Alyona obtained her first university degree in international relations in Moscow, Russia in 2014, after which she pursued a career in the energy sector. She returned to academia in 2019 to continue studying political science and now holds two Master’s degrees from the University of Twente and the University of Münster. For her dissertation, she investigated the effects of individual motivations to participate in protests on the protest dynamics in Belarus and subsequently theorized an extension to an existing framework.

Alyona is interested in the bottom-up approach to studying and organizing public participation and, particularly, in how direct citizen-initiated engagement can impact public policies and governance. Her other academic interests range from the feminist social and political theory to the multiplex matters of social justice. Her volunteering experience has primarily been focused on advocating for the rights and wellbeing of migrant women and girls.

Currently, at the department of Health, Ethics and Society at Maastricht University, Alyona is employed on the ‘‘Concealing Participation’' subproject as a PhD researcher. In the coming years, she will investigate practices that patients in Russia creatively develop and employ to repair the distribution system for medications.
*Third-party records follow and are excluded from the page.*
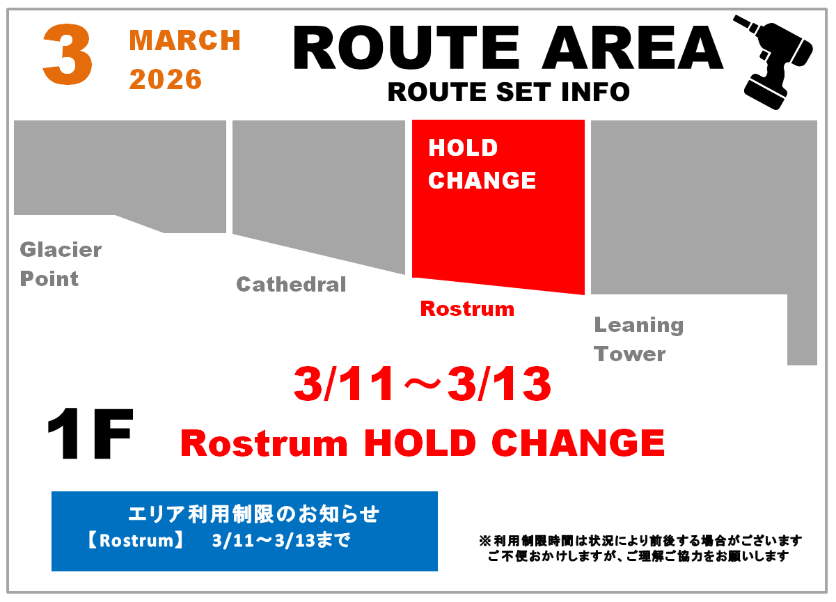 リードエリア”Rostrum”リニューアルセット。現在のルートがトライできるのは3月10日(火)まで。 回収お待ちしています!
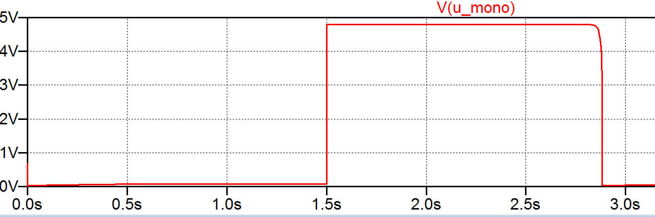 Nachfolgend dargestelltes Signal ist das Ausgangssignal der „Monostabilen Kippstufe“. Es wirkt auf den Ausgang der Schaltung, auf den Lautsprecher. D. h. kommt dieses Signal am Lautsprecher an, piepst der Lautsprecher für 1,5s und gibt somit das Signal, dass die Tasse voll ist.
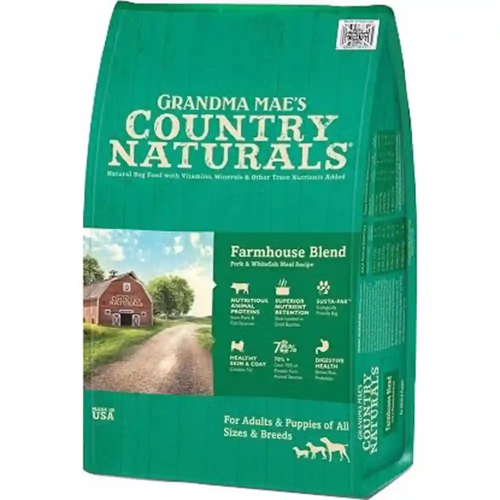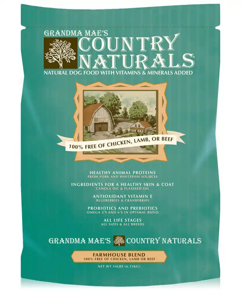 Our Farmhouse Blend Pork & Fish Entrée is made with high-quality, protein rich pork meal—the first ingredient—and whitefish meal for protein rotation and allergy avoidance. With wholesome brown rice and oats as well as fresh fruit and vegetables, it is nutritious and great for the digestive system, and is very palatable to dogs. The protein in Farmhouse Blend Pork & Fish Entrée is over 70% from animal sources and we use a slow-cook low-temperature process which helps retain the maximum nutritional value from all our ingredients. Good for All Life Stages and Breeds.
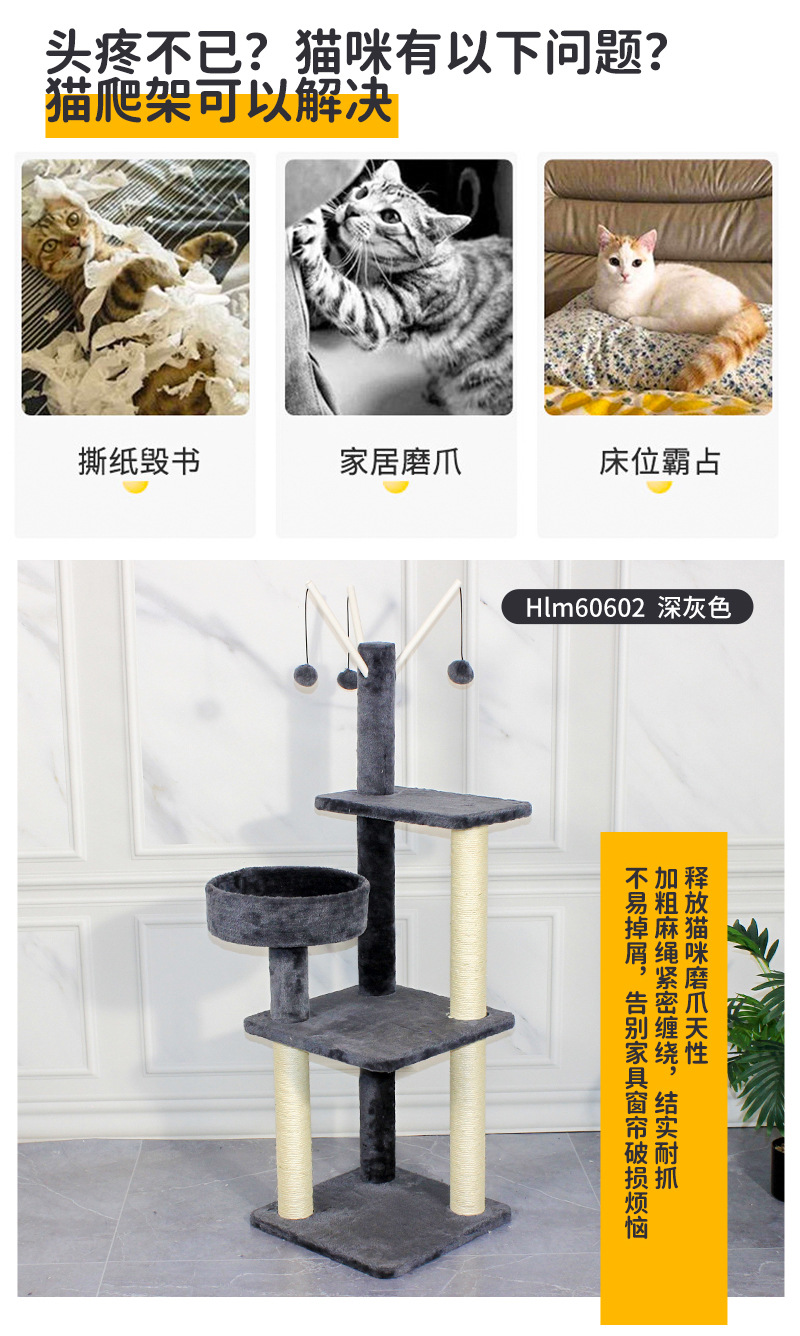 고양이 클라이밍 프레임, 고양이 집, 고양이 트리, 일체형 다기능 천장까지 닿는 고양이 선반, 사이잘 스크래쳐, 장난감, 고양이 용품, 내구성
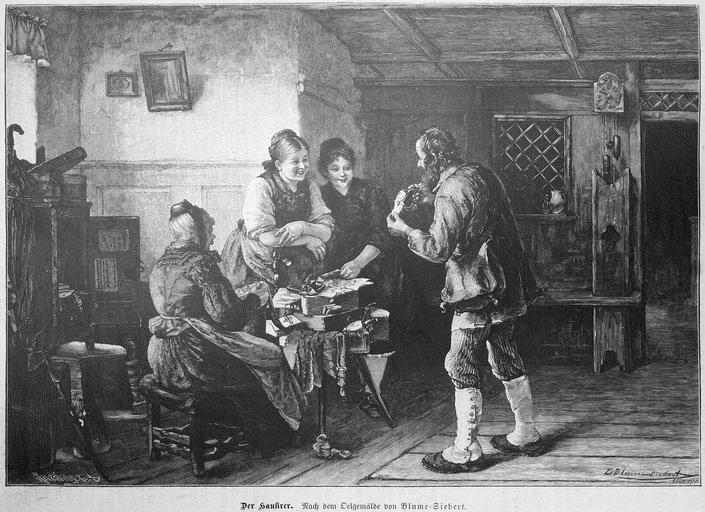 Keywords: Die Gartenlaube (1885) b 245.jpg de Der Hausierer cropped from Die_Gartenlaube_ 1885 _245 jpg Ludwwig Blume-Siebert 1853-1929 1885 Ludwig Blume-Siebert PD-old-70-1923
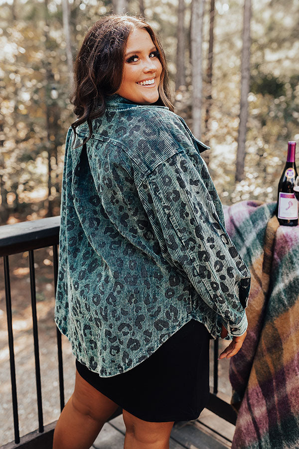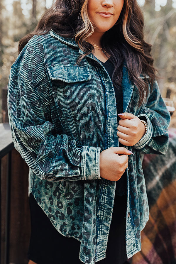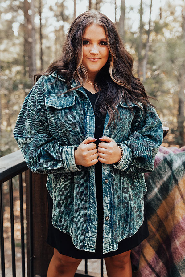 Good Outfit Day Corduroy Leopard Jacket In Teal Curves

Anastasia Stoli (Extricating Participation)

Natasa has an interdisciplinary academic background and extensive volunteering experience in the fields of mental health and social exclusion. She has a bachelor degree in Philosophy and History of Science (PHS), with a thesis on ''Women and Medicine in Medieval Societies of Western Europe'', highlighting her strong interest in medicine and health, as well as gender studies. During her first degree, she completed a semester abroad via the Erasmus+ program in Gothenburg, Sweden. Before embarking on her subsequent studies, Natasa undertook a 10-month-long EVS program in Northern Italy in the fields of social exclusion, mental health, and the cultural and linguistic integration of refugees and immigrants. Returning to academia, she acquired three postgraduate degrees: (1) a Master of Arts in ''Society, Science, and Technology'', awarded by ESST, (2) an anglophone, interdepartmental Master of Science in ''Science and Technology Studies - STS'' awarded by the National University of Athens, and (3) a Master of Science in ''Philosophy and History of Science and Technology'' by the same university. During her postgraduate studies, she delved deeper into her research interests in emerging technologies and matters of gender, writing two additional research theses on ''Picturing Big Data: an STS-based approach'' and ''Women in Academia and the Glass Ceiling: the Greek Case''.
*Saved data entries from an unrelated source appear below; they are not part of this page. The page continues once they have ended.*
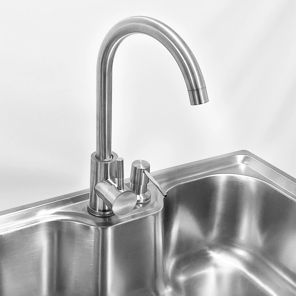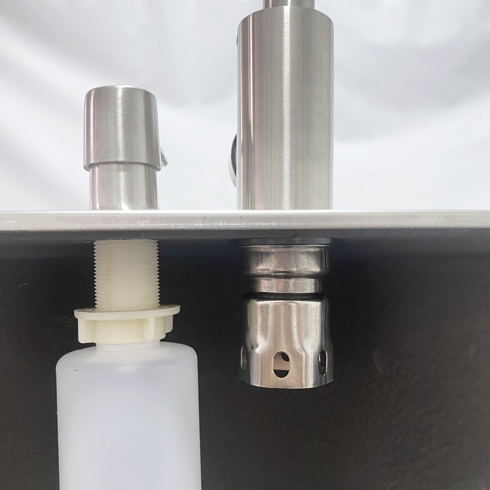 -Doble perforación con tapón en acero inoxidable aptas para grifería monocomando (3,2cm diámetro) y dispenser de detergente (2,8cm).
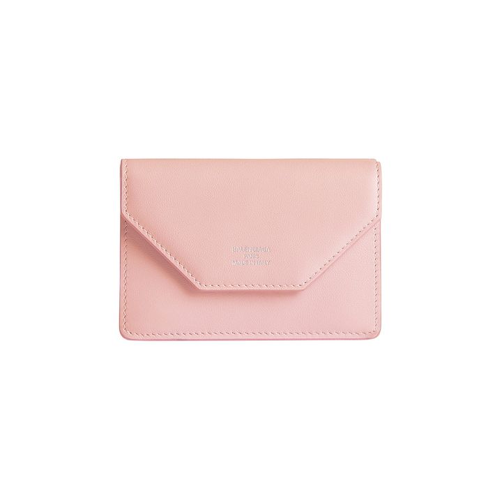 封筒型のフラップがモダン&スタイリッシュな三つ折りタイプのミニ財布。フェミニン&スイートなペタルピンクが狙い目。
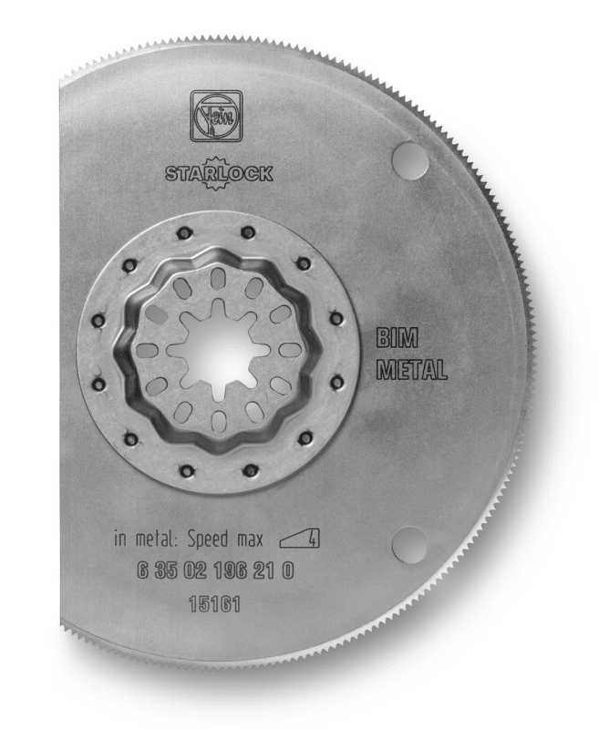 Bi-Metall für hohe Standzeiten. Metall-Verzahnung für Blech bis ca. 1 mm. Auch für Kunststoffe, GFK, Holz, Kitt und Buntmetalle. Plan zur Oberfläche arbeiten. Segmentiert, ideal zum Arbeiten in Ecken
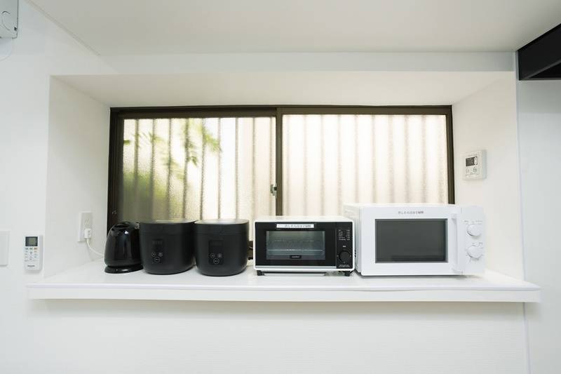 | キッチン | 電子レンジ2つ、オーブントースター、炊飯器2つ、電気ケトル、調理道具、食器一式 |

Currently Natasa is a PhD candidate based at the department of Health, Ethics and Society of the Faculty of Health, Medicine and Life Sciences at Maastricht University. She works on the subproject ‘‘Extricating participation’' which focuses on the ways public participation is produced in the practices employed by DIY technology developers to create medicines globally and outside state-regulated spaces. The goal of this subproject is to gain an understanding of how informal and formal means interact and are configured in the process of such bottom-up initiatives.